TITLE: Kansas
NAME: Skip Talbot
COUNTRY: USA
EMAIL: skipt1@aol.com
WEBPAGE: http://www.skip.cc
TOPIC: Epic Proportions
COPYRIGHT: I SUBMIT TO THE STANDARD RAYTRACING COMPETITION COPYRIGHT.
JPGFILE: kansas.jpg
RENDERER USED: 
    POV-Ray 3.6

TOOLS USED: 
    Rhinoceros, Colefax Mesh Compression

RENDER TIME: 
    19 hours

HARDWARE USED: 
    Pentium IV 1.8 GHz 512 MB

IMAGE DESCRIPTION: 

It_s May in western Kansas, just before sunset.  The usually quiet expanse of
the Great Plains is now a world of chaos and turmoil.  Towering a thousand feet
above the ground, a black funnel cloud descends from a rotating storm base. 
The twister plows through the dusty fields just beyond a deserted farm house. 
The only witness to the event is a prairie dog, standing up at attention. 
Although he can not quite comprehend the ominous black monster lurking on the
horizon, the winds make him uneasy and he won't stray from his burrow for
long.

DESCRIPTION OF HOW THIS IMAGE WAS CREATED: 

The concept for this image is based off of my passion for storm chasing.  The
tornado depicted is similar to an F1 tornado I saw April 20 of this year in
Illinois: a dark funnel backlit by an orange sky.

The first stage in the development of this image was choosing a camera angle and
aspect ratio that would highlight the _epic proportions_ of a tornado.  A tall
image allows the funnel to fill most of the frame.  The camera is set very far
from the scene with a low lens angle so that the scaling effects of a
perspective camera aren_t quite as strong.

The funnel is composed of a mesh filled with constant density media.  After
researching many tornado funnels I learned that they have a sharp edge.  The
blurred edge is not usually caused by a density gradient but by focal blur. 
Focal blur and scattering media did not fit my render time budget so I opted
for a density function.  A sphere_sweep tornado would allow me to use spherical
density but would still be far too slow.  I also opted out of any sort of
isosurface as well.  I settled on a mesh funnel with a constant density media. 
The edges of the tornado are flared to a point simulating a density as long as
the camera is perpendicular to the funnel.

The base of the storm is a scattering media with a turbulent cylindrical density
and is meant to stimulant the ragged underside of a wall cloud, or the lowered
updraft region of a supercell thunderstorm.
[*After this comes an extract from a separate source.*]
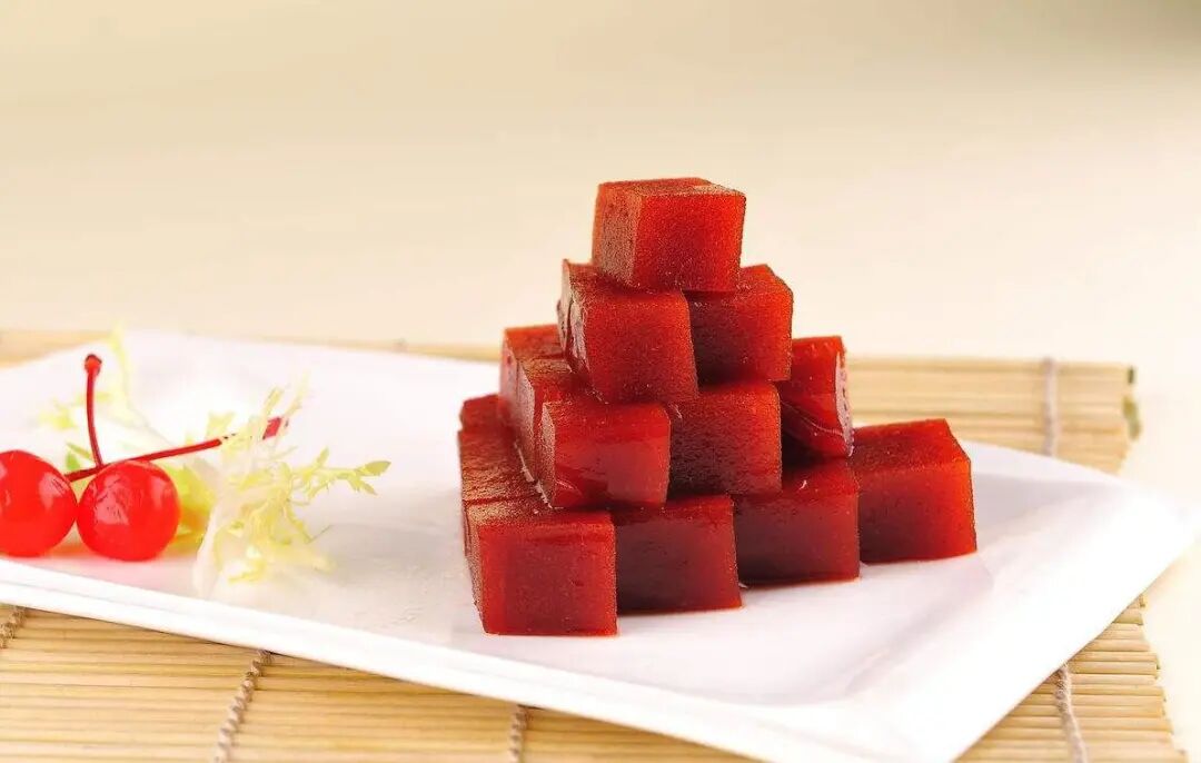 制作山楂棒糕,将其冷藏成型后切块备用。

The debris cloud is also scattering media.  The intersection of the funnel and
debris just would not cooperate so I rendered the image in two passes.  The
first pass being the background, funnel, and storm base, and then, without
processing, I mapped that rendering to the background of the final pass which
included the debris cloud and foreground.  The debris cloud is an isosurface
with a function density utilizing the f_helix function and turbulence warps. 
Other densities were used to keep the media contained.

A little fog thrown in for depth and to simulate the dust that gets kicked up in
the inflow winds of a storm.

I had planned for a detailed and lit foreground but I just did not have time
with work and school to put it all together.  To finish the image I reverted to
a lighting that would cast the foreground in silhouette.  Much of my image is
sacrificed as a result. However, quite a bit of work did go into the
foreground

The farmhouse and windmill were modeled in Rhinoceros with textures adequate for
the scale at which they appear in the image.  The details and textures are lost
in the silhouette, though.

The prairie dog was also modeled in Rhinoceros.  Chris Colefax_s mesh compressor
and hair macro was used to create a believable prairie dog.  However, I could
not get the lighting to work for the prairie dog in this scene, which was one
of the main reasons I had to revert to the silhouette.